We just wanted to find the point where the normal to the curve passes through (8,0)
Oh so then i plug x=6 back to the original to get Y
To find the point on the curve y^2 = 4x closest to the point (8, 0), you need to use the distance formula. Your answer seems close, but let's go through the steps together to make sure.
Step 1: Start with the equation of the curve: y^2 = 4x
Step 2: Identify the coordinates of the given point: (8, 0)
Step 3: Let's assume the point on the curve closest to (8, 0) is (a, b). This means we need to find the values of 'a' and 'b'.
Step 4: Apply the distance formula. The distance between the points (8, 0) and (a, b) is given by the formula:
Distance = √((a - 8)^2 + (b - 0)^2)
Step 5: Since we want the point on the curve, substitute the value of 'b' using equation (1):
√((a - 8)^2 + (sqrt(4a))^2)
Step 6: Simplify the equation:
Distance = √((a - 8)^2 + 4a)
Step 7: To minimize the distance, we differentiate the equation with respect to 'a'. Let's find the derivative:
d(Distance)/da = d(√((a - 8)^2 + 4a))/da
Using the chain rule and simplifying, we get:
d(Distance)/da = (2a - 8) / (2√((a - 8)^2 + 4a))
Step 8: Set the derivative equal to zero and solve for 'a':
(2a - 8) / (2√((a - 8)^2 + 4a)) = 0
2a - 8 = 0
2a = 8
a = 4
Step 9: Substitute the value of 'a' back into equation (1) to find 'b':
b^2 = 4(4)
b^2 = 16
b = ±4
So, we have two potential points: (4, 4) and (4, -4).

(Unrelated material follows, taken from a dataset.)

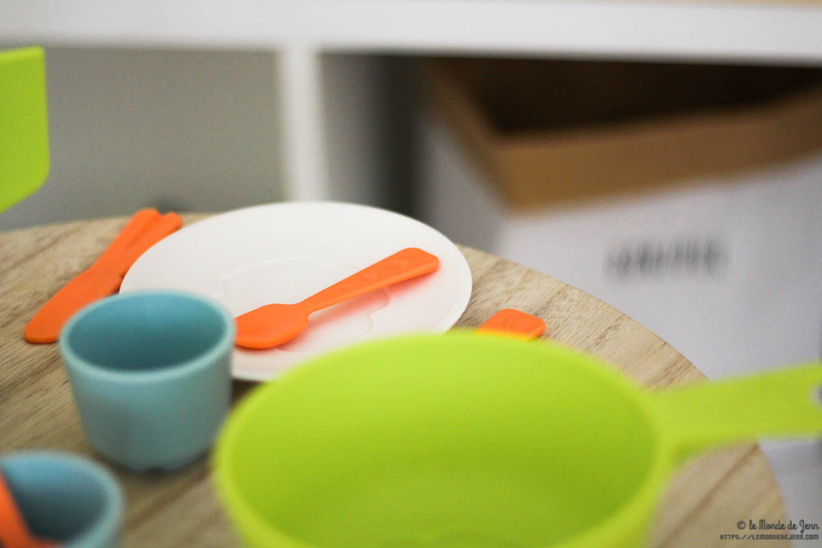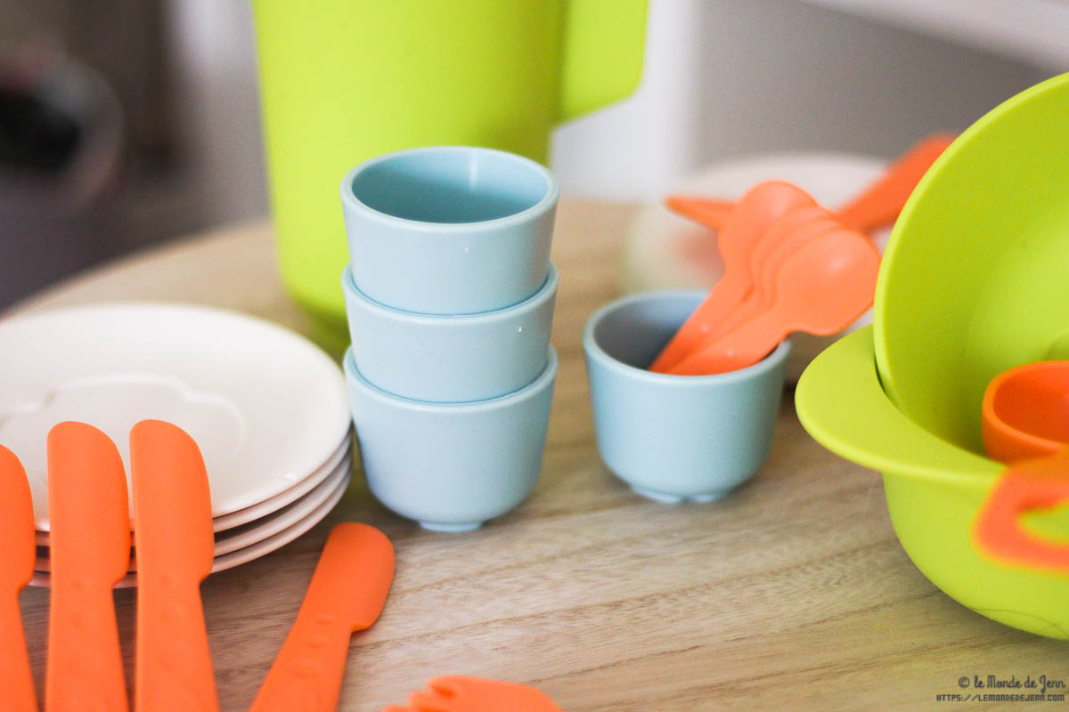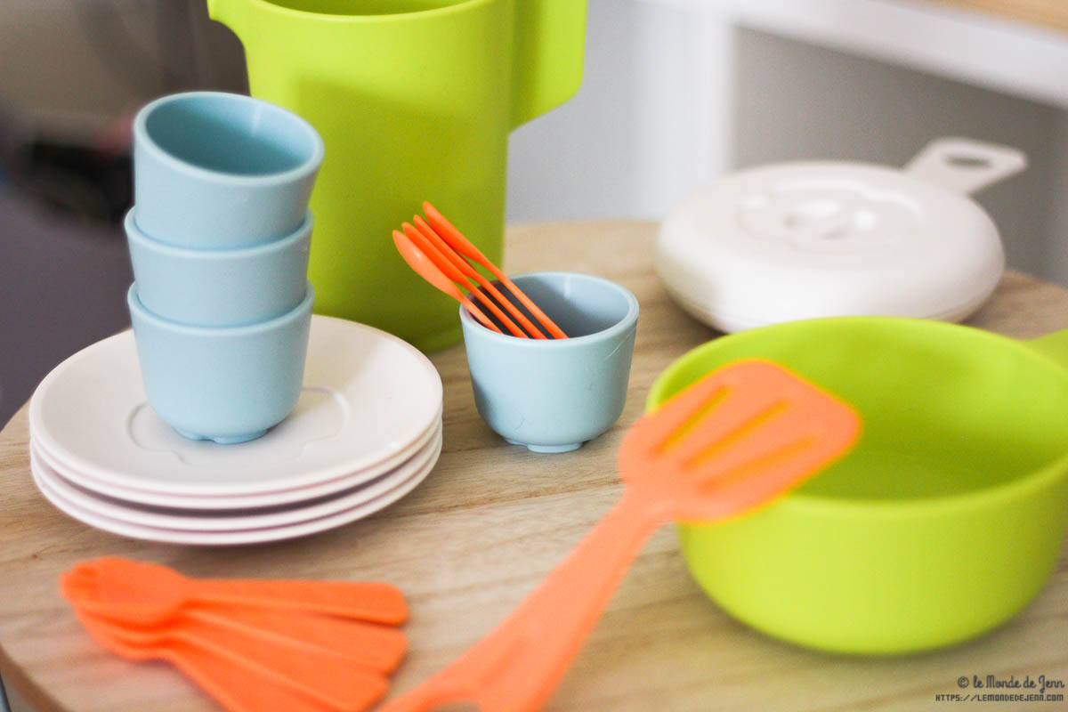 Toute la dînette dispose de couleur très vive, flashy et neutre : orange pour les couverts, vert pour les ustensiles (pichet, fait-tout, casserole), blanc pour la poêle et les assiettes et bleu pour les verres. Ces coloris permettent à l’enfant de bien discerner les différents éléments sur la table et puis ça aide à remettre vite la main dessus quand on les a égarés #çasentlevécu. Cette panoplie est haute en couleur et en qualité.
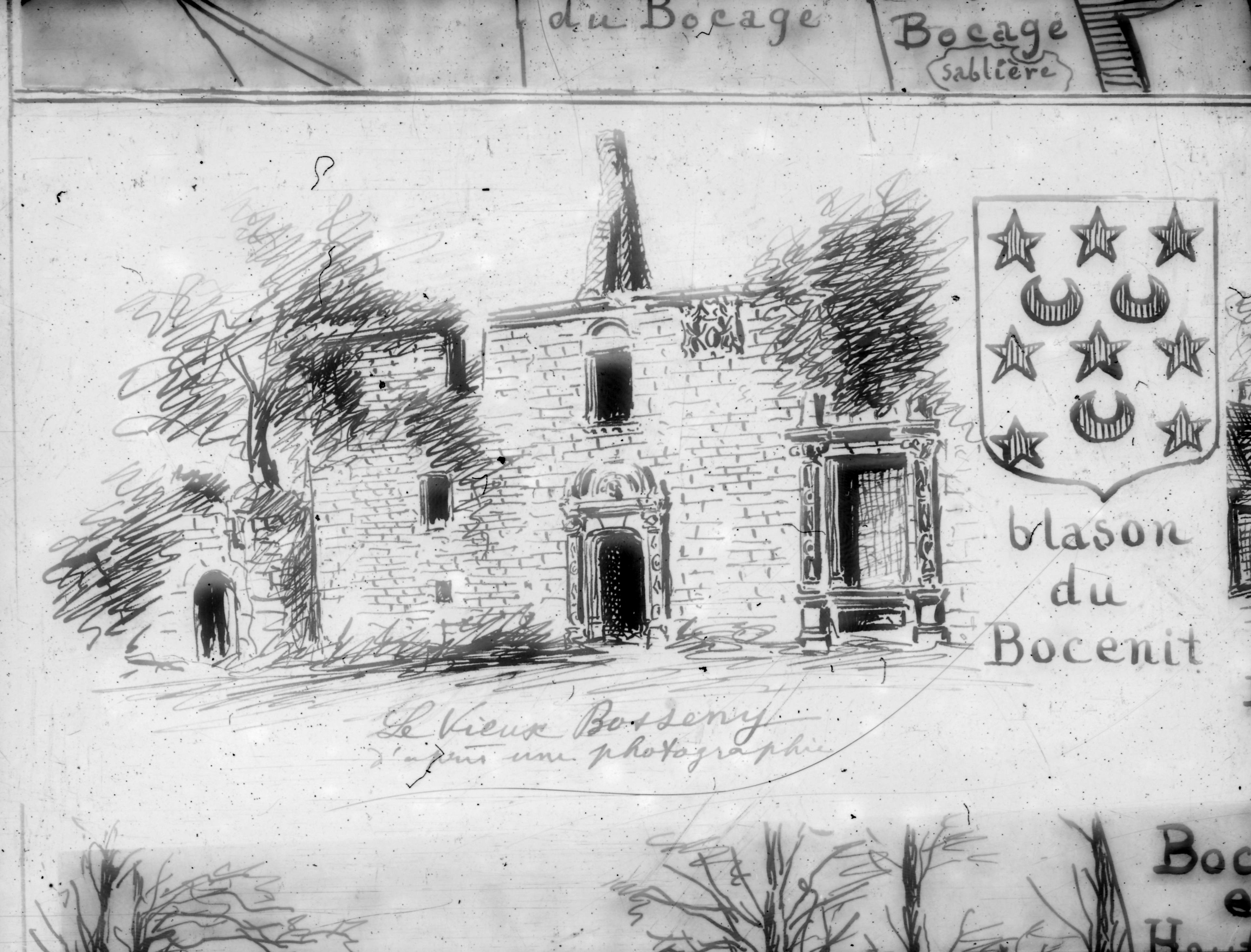 Le vieux manoir du Bocenit à Saint-Gilles-du-Mené, dessin d'Henri Frotier de La Messelière d'après une photographie, vers 1925. On reconnaît la porte d'entrée, la fenêtre de style Renaissance et les armoiries déplacés au Domaine de la Tour de CessonImmatriculation

Step 10: Calculate the distance between each potential point and the given point (8, 0) using the distance formula:
Distance1 = √((4 - 8)^2 + (4 - 0)^2)
Distance1 ≈ 7.211
Distance2 = √((4 - 8)^2 + (-4 - 0)^2)
Distance2 ≈ 7.211
Step 11: Compare the distances to determine which one is closer. In this case, both distances are the same (approximately 7.211), so both points are equidistant.
Therefore, the two points (4, 4) and (4, -4) on the curve y^2 = 4x are equidistant to the point (8, 0).